The project has two interrelated activities to support this goal. First, it will offer 140 scholarships, to be used for at least seven regional Society of American Archivists workshops introducing the professional community to EAC-CPF. Second, it will develop a set of recommendations addressing business, governance, and technological requirements for a sustainable NAAC. This blueprint will be shaped through a series of meetings at the National Archives and Records Administration (NARA) in Washington, D.C. Using the Social Networks and Archival Context (SNAC) project as a demonstration of the feasibility and benefits of archival authorities, the first meeting, held May 21-22, 2012, included invited archivists, manuscript librarians, scholars, representatives of all federal repositories (NARA, Library of Congress, National Agricultural Library, National Library of Medicine, Smithsonian Institution, and National Park Service), representatives of funding agencies and foundations, and other stakeholders.
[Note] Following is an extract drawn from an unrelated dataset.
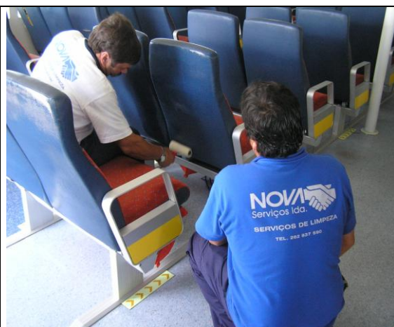
Lavar e neutralizar com água. Secar com um pano.

Based on the information gathered at this initial meeting, small teams of experts will draft and finalize a set of recommendations and best practices for establishing and maintaining NAAC. A white paper outlining the results will be published in the fall of 2013.

The Institute of Museum and Library Services has funded Building a National Archival Authorities Infrastructure through a generous grant to the Institute for Advanced Technology in the Humanities (IATH) at the University of Virginia, and the Graduate School of Library and Information Science at Simmons College.